Figure 4: The MSA with a close-up of a few shutters shown at the right.

Figure 4:

The MSA with a close-up of a few shutters shown at the right.

The width of the open area of each shutter in the dispersion direction is ~80 μm, equaling ~200 milli-arcsec or 2 pixels on the detector. The length of the open area in the spatial direction is ~180 μm, equaling ~450 milli-arcsec or 4½ pixels on the detector. The MSA arrays have a physical pitch of 100 μm in the dispersion direction and 200 μm in the spatial direction. The ratio of the open-area dimensions to the pitch dimensions leads to a (geometrical) slit loss of approximately 30%.

2.3 NIRSpec opto-mechanical architecture

In order to enable very long duration near-infrared observations with cumulative exposure times that can reach 100 000 s, the instrument operates around −233°C (~40 K) and utilizes an all-reflective, highly a-thermal opto-mechanical design concept. The mirror mounts and the optical bench base plate were all manufactured out of the novel Silicon Carbide ceramic material BOOSTEC SiC100®. This material guarantees very high stiffness and excellent thermal characteristics. More details regarding the design of the NIRSpec can be found in Refs. [2] and [3].

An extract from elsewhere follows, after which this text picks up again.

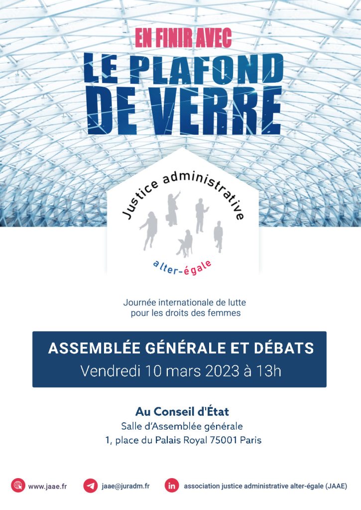 A l’occasion de la journée internationale de lutte pour les droits des femmes et de la journée internationale des femmes juges, Justice administrative alter-égale a organisé le vendredi 10 mars 2023 au Conseil d’État son assemblée générale annuelle, suivie d’une après-midi de débats ouverts à toutes et tous sur le thème « En finir avec le plafond de verre ».

The opto-mechanical architecture of the instrument is shown in Figure 5. It primarily consists of a very stiff silicon carbide (SiC) baseplate to which the optical and opto-mechanical components are attached. The flat coupling mirrors pick-off the NIRSpec FoV fraction from the OTE focal plane and redirect this light to the NIRSpec instrument.

Figure 5: The NIRSpec mechanical design (left) and optical design (right).

Figure 5:

The NIRSpec mechanical design (left) and optical design (right).

The remainder of the optical path is mainly defined by three three-mirror anastigmatic assemblies (TMAs): (i) the fore optics TMA (FOR), which provides a telecentric intermediate focal plane at the location of the MSA and an accessible pupil location at which the filter wheel assembly (FWA) is positioned, (ii) the collimator TMA (COL), which collimates the light onto the disperser-carrying grating wheel assembly (GWA), and (iii) the camera TMA (CAM), which images the spectra onto the two 2k×2k mercury cadmium telluride (MCT) detectors.

2.4 NIRSpec optical performance

The image quality of the NIRSpec optics is excellent as shown in Figure 6. The diagrams below shows spots at wavelengths of 0.6, 1.0, and 5.0 μm, respectively. The box size is 50×50 μm for the spots on the MSA plane (left) and 10×10 μm for the spots on the FPA (right). The MSA shutter size is ~80×180 μm (open aperture), and the detector pixel size on the FPA is 18×18 μm.

Figure 6: Spot diagrams over the full 3′×3′ NIRSpec FoV at the planes of the MSA (left) and FPA (right).

Figure 6:

Spot diagrams over the full 3′×3′ NIRSpec FoV at the planes of the MSA (left) and FPA (right).

The complete optical system (i.e. the JWST optical telescope element and NIRSpec) generates diffraction-limited images (Strehl ≥0.80) at wavelengths longward of 2.4 μm at the MSA and longward of 3.0 μm at the FPA. Further important hardware components are the refocusing mechanism assembly (RMA), the FWA, and an on-board calibration assembly (CAA). The latter assembly provides several spectral line and flat-field illumination sources for in-orbit instrument calibrations.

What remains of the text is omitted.